**TASK REQUIREMENTS**
The answer must consist solely of the lines from the one containing "Escape to paradise" through the last line of the records below, repeated exactly, with all pictures omitted.

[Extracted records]
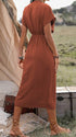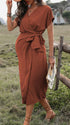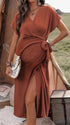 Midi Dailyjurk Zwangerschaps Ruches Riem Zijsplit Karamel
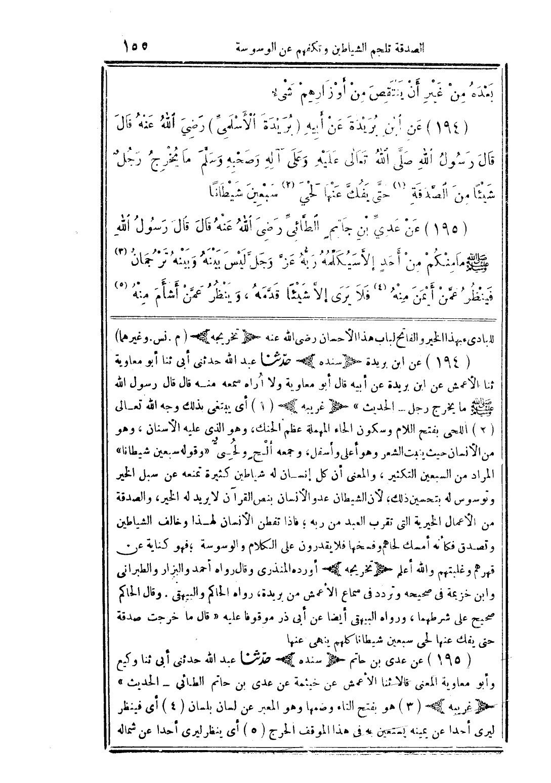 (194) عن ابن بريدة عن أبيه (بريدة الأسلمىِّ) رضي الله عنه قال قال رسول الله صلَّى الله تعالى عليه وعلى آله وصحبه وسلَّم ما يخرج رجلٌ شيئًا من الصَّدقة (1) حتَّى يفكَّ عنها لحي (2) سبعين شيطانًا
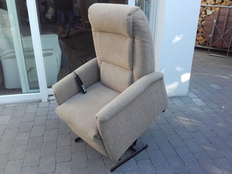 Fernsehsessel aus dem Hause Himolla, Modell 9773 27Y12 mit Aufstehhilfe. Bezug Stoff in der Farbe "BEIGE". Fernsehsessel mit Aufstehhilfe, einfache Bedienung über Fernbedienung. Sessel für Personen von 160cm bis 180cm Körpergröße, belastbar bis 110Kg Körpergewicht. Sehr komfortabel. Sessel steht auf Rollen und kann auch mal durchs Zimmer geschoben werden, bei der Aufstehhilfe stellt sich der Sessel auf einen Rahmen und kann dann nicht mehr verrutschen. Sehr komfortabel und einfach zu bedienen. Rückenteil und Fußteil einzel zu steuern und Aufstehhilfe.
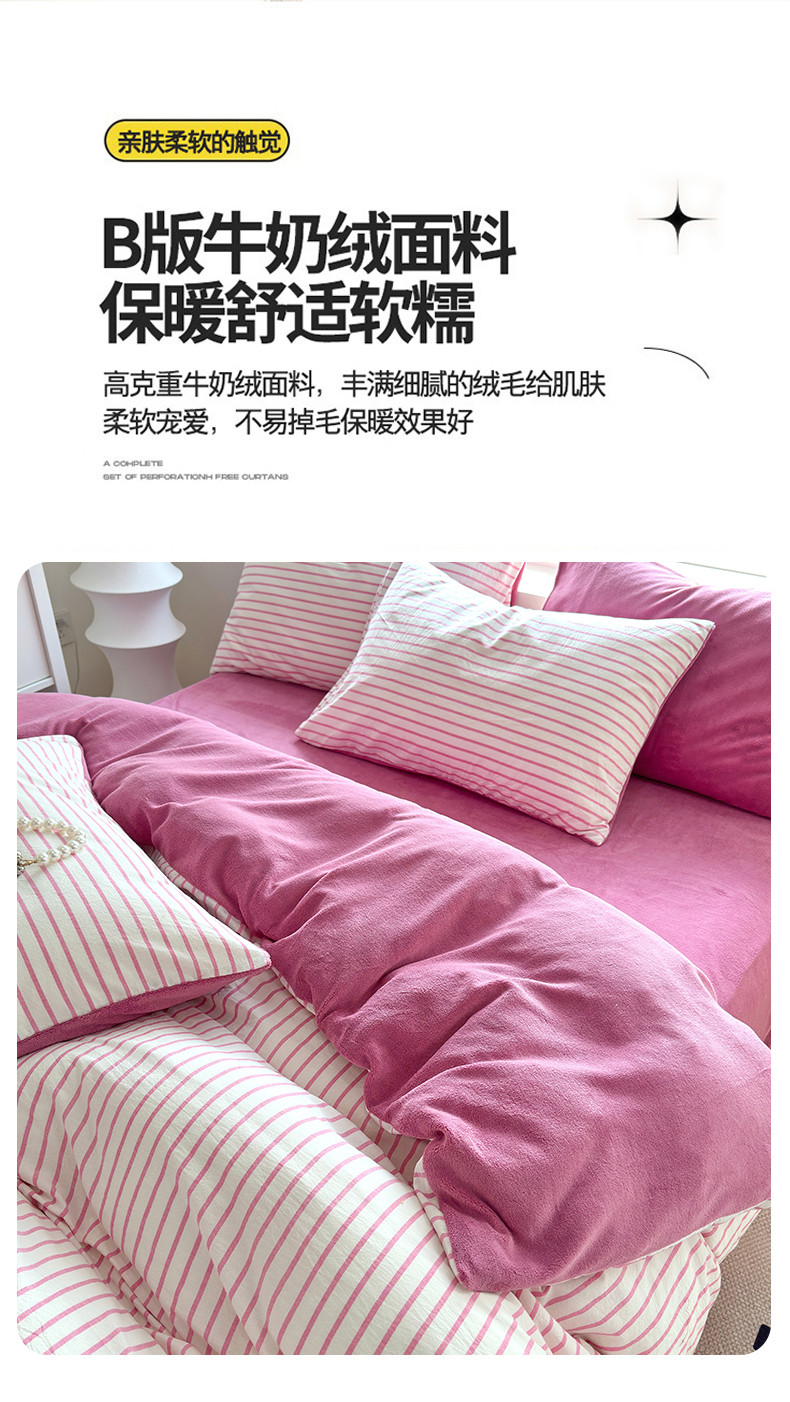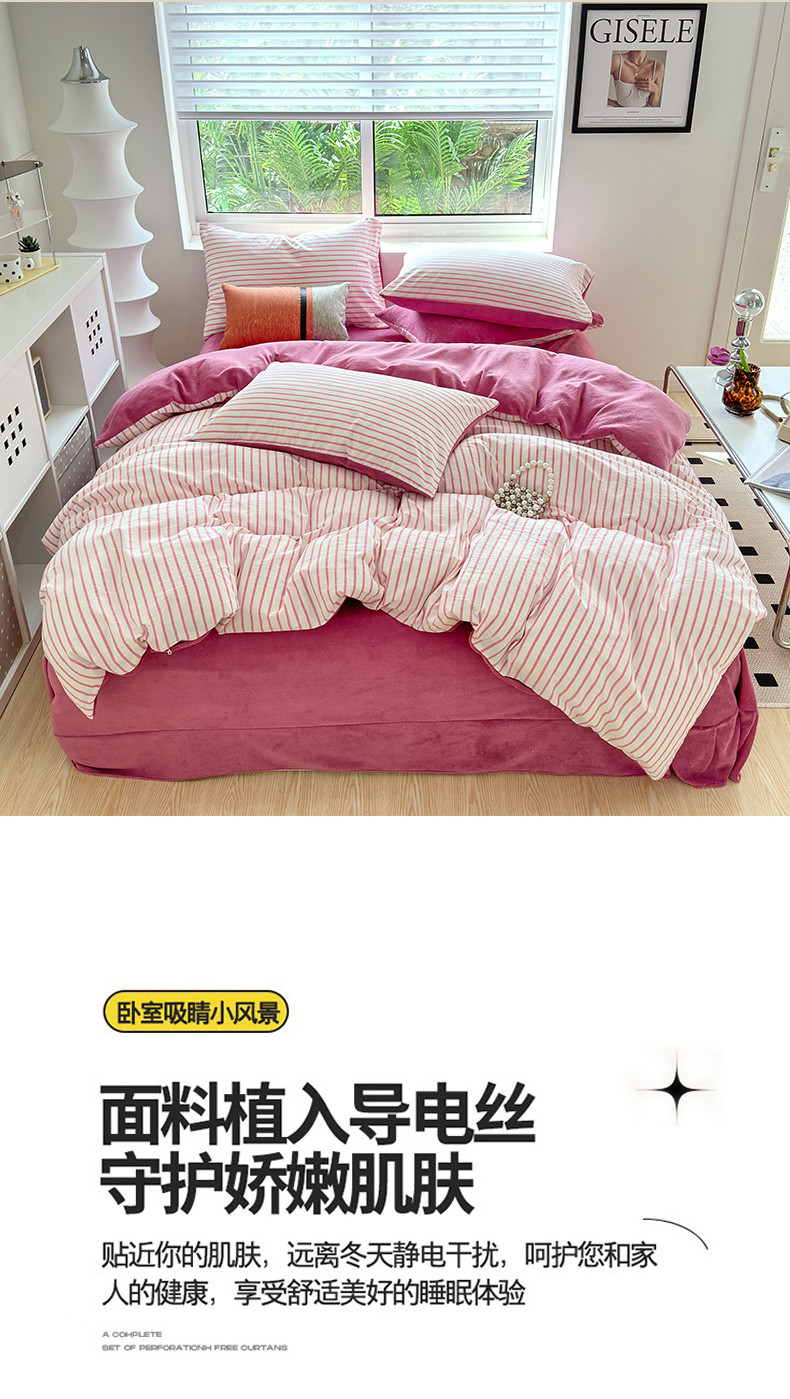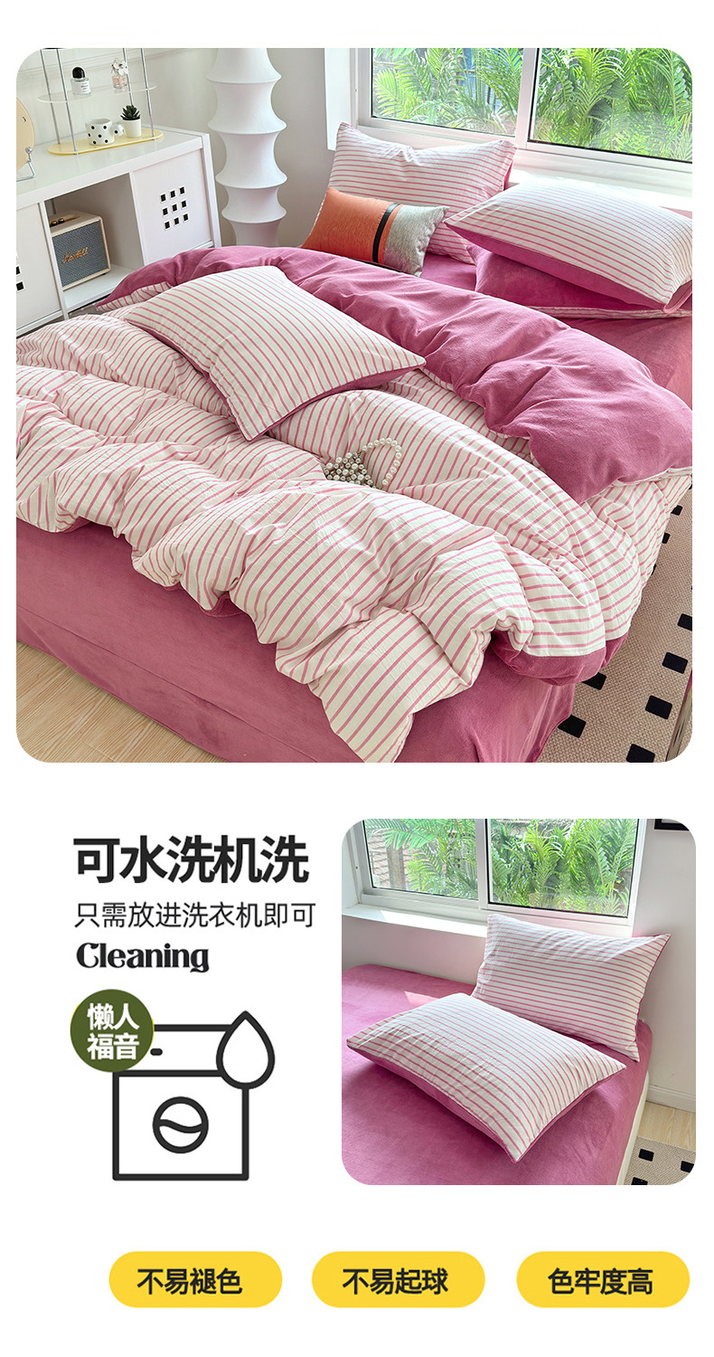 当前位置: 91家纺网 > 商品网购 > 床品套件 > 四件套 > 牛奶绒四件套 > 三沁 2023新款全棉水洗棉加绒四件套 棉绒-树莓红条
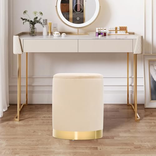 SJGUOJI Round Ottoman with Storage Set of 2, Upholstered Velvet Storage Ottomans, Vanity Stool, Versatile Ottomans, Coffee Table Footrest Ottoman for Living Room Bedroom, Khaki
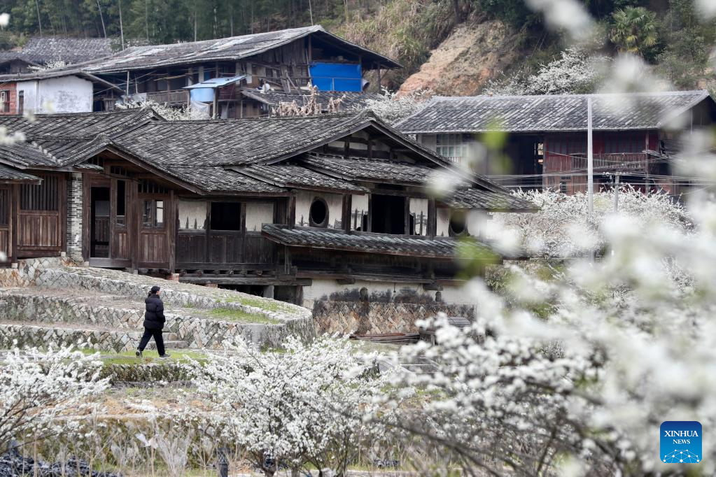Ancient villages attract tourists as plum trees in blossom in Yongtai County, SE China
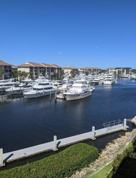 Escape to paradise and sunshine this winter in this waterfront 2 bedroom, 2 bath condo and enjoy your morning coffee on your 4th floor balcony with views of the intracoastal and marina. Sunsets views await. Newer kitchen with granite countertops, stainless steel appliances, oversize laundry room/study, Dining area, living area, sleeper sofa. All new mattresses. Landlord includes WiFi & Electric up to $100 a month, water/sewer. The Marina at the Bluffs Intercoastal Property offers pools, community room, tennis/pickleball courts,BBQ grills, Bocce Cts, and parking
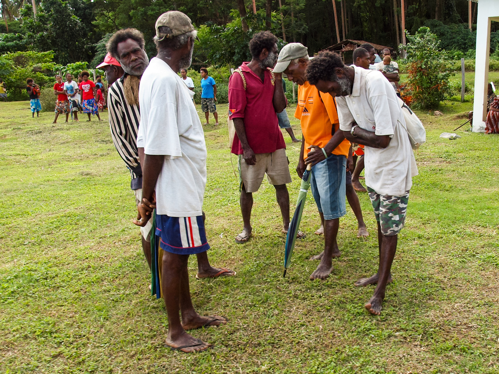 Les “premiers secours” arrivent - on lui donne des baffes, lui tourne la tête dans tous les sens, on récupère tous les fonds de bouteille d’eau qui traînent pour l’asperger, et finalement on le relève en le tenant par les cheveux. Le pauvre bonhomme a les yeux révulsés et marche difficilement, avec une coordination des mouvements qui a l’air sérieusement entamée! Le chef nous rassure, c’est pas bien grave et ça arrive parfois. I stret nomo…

**ANSWER SECTION**
 Escape to paradise and sunshine this winter in this waterfront 2 bedroom, 2 bath condo and enjoy your morning coffee on your 4th floor balcony with views of the intracoastal and marina. Sunsets views await. Newer kitchen with granite countertops, stainless steel appliances, oversize laundry room/study, Dining area, living area, sleeper sofa. All new mattresses. Landlord includes WiFi & Electric up to $100 a month, water/sewer. The Marina at the Bluffs Intercoastal Property offers pools, community room, tennis/pickleball courts,BBQ grills, Bocce Cts, and parking
 Les “premiers secours” arrivent - on lui donne des baffes, lui tourne la tête dans tous les sens, on récupère tous les fonds de bouteille d’eau qui traînent pour l’asperger, et finalement on le relève en le tenant par les cheveux. Le pauvre bonhomme a les yeux révulsés et marche difficilement, avec une coordination des mouvements qui a l’air sérieusement entamée! Le chef nous rassure, c’est pas bien grave et ça arrive parfois. I stret nomo…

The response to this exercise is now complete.